VMware vRealize Log Insight provides out of the box content pack for Horizon View. I find the content pack useful for both monitoring and troubleshooting. Naturally, there are cases where you need to build your own custom field and dashboard. In this blog, I share one such example.
The example I share is a Mass Disconnect of users. This means many users were suddenly disconnected at the same time, causing disruption at work and complain to IT.
Mass disconnect can certainly happen, and Horizon View Event Database records that. You will see the string “has disconnected from machine” in the View Event DB. Here is one such example. In this case, I’ve filtered to a particular user.
The first challenge is Horizon View Event does not distinguish between abnormal disconnect and normal disconnect.
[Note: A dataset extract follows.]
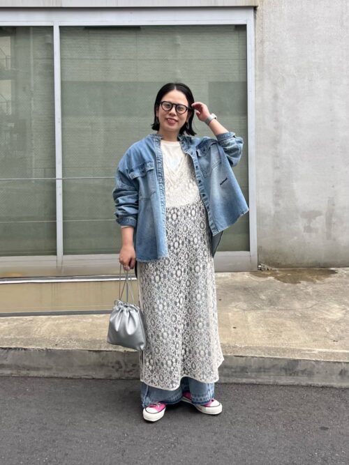繊細なレースワンピースにデニムを重ね軽やかなレイヤードコーデ。
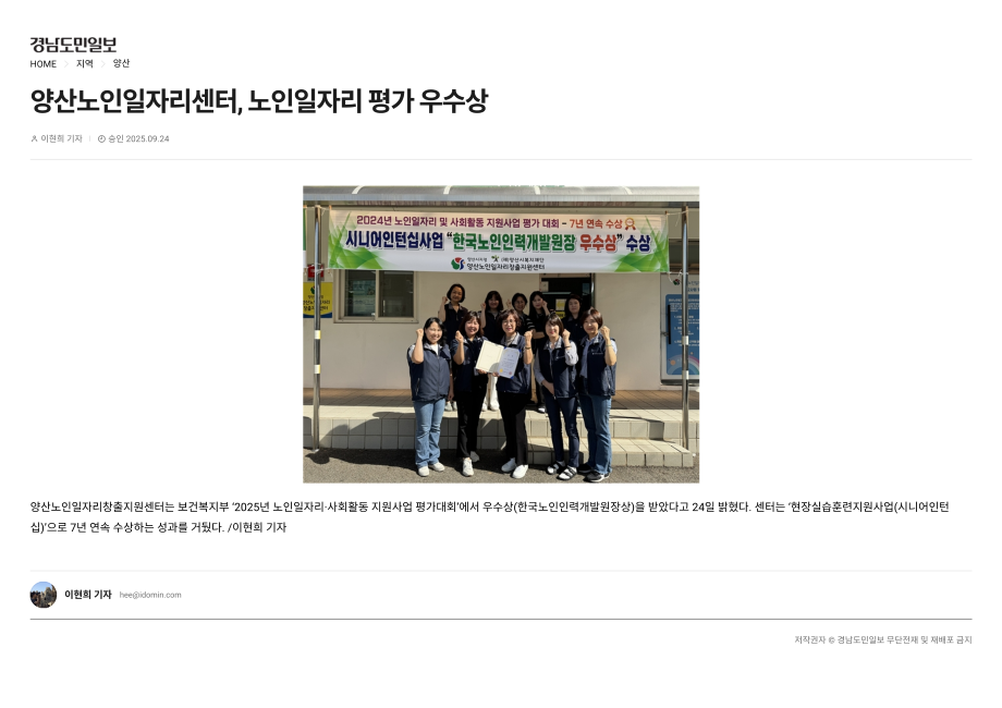 양산노인일자리창출지원센터,노인일자리평가우수상(경남도민일보)

You will see many such string in the event DB. It is difficult to analyse in large environment as you cannot visualise.
Yes, see the example below.
I queried the same string. With Log Insight, I can query all the View Connection Server, not just one at a time. That’s another benefit of Log Insight.
From the above, you can see clearly that the string happens many times. I plotted for 5 days, and we can see the pattern matches the working hours. So how do we see an abnormal one since the log does not distinguish it?
The mass disconnect means it hit many users at one shot. Within 1 minute, you will see many users hit. Log Insight enables us to zoom. As you can see below, I zoomed into 5 seconds and we can see there is a mass disconnect event within that 60 seconds.
I masked out the user name. Yes, you can also show the user Microsoft AD ID in the table. I also masked the ESXi host. Yes, that means you can group the result by ESXi Host. An example of such chart is shown below. We can also show them by cluster.
We can also present the chart differently. In this chart, I group by ESXi, as I want to know quickly how many users were hit for each ESXi. From here I can tell it was quite well spread.
Once I know the users, we can create a custom group in vRealize Operations. This has to be done manually. It’s a one time effort, so it’s okay with me.
Once the custom group created, I can run analysis on it. For example, I can check if the disconnect were because of disk. As you can see below, the disk latency rose to 543 ms during the time of the disconnect. It’s a one time rise, and the time matches the mass disconnect time.
In vRealize Operations, we can zoom into the specific time. Here, it’s clear that it’s a one time spike.
Hope you find the example useful.